Еще был вагон. В нем бойко шла торговля. Люди, которые стояли в очереди за кукушкиными пророчествами, теперь покупали свечи у людей с квадратными жабьими лицами, которые то ли сторожили гроб, когда в нем лежал сахар, то ли оплакивали сам сахар. Теперь плакальщики (сторожа?) переиначились в торговцев, и дело у них ладилось, но лица были все те же, безрадостные, но и не печальные. Просто никакие лица. Лица и лица. Немного жабьи, а в остальном никакие. А вот те кукушатники, которые хотели меня убить, теперь не обращали на меня никакого внимания. Они жгли свечи и пытались по ним выяснить, сколько им самим осталось жить. Все время они были недовольны: то поезд качнуло, то подуло откуда-то, то свеча попалась не та, то фитиль слишком тонкий. Все время они искали подходящую, самую точную, самую верную свечку, и покупали их одну за одной у бывших сторожей (плакальщиков?). А тем вроде было все равно. Но вот где они запасли столько свечей?

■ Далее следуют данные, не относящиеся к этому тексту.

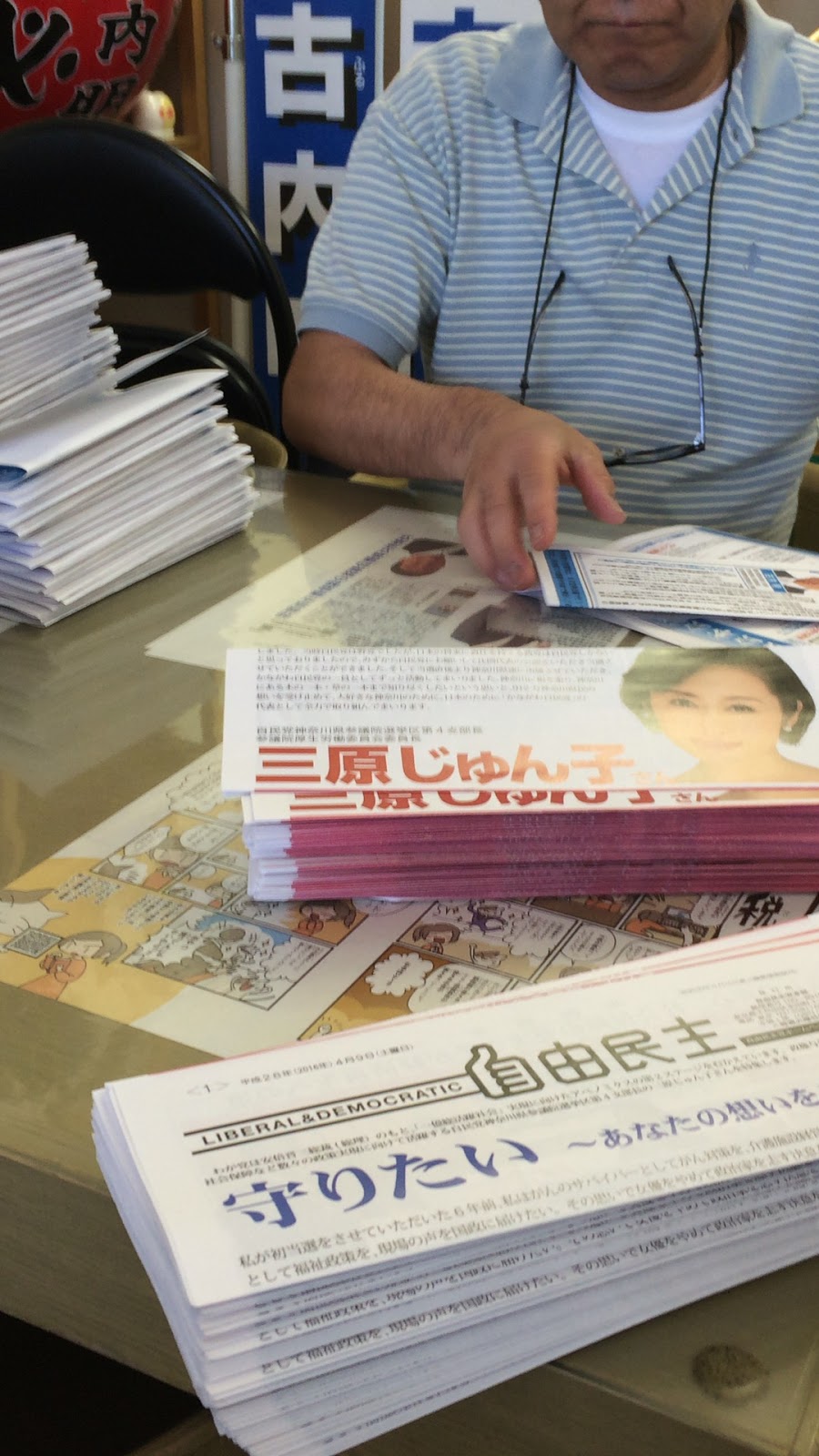 7日の土曜日に開催する後援会主催「新緑のつどい」で配布する資料の封筒づめをおこなった。

Я вернулся в свой вагон все так же, по кругу. Пока я ходил, попутчиков не прибавилось, все двери были закрыты. Я подвел итоги своего путешествия. На одного поэта меньше, на один гроб больше. А в остальном ничего не изменилось, февраль по-прежнему со мной.
Снова мой февраль
Я вернулся домой, а он был все таким же: со скрипучими дверями и холодным полом. Я уезжал осенью, а вернулся летом, будто поезд отбросил меня во времени. В дороге я представлял, что хотя бы осень совсем наступила, пока меня не было, подмяла под себя город; солнце редко показывалось из трубы в доме напротив, а когда вылезало, то вылезало украдкой, с простуженным (а мне хотелось бы, чтобы с пристыженным) видом и держалось на небе неуверенно. Тогда я мог бы хоть немного утешаться злорадством, но февраль был все тут. В каждой чашке, в каждой складке одеяла, в каждом запылившемся углу, между кнопками от телепульта, за полотенцем в ванной, в кипящей в чайнике воде, в шорохе машин по асфальту, даже в осеннем дожде, даже на потолке и между стен, в часах, под ковром, в прогнозе погоды по телевизору, несмотря на осенние лица ведущих и летние картинки за их красиво оформленными лицами, тоже был февраль.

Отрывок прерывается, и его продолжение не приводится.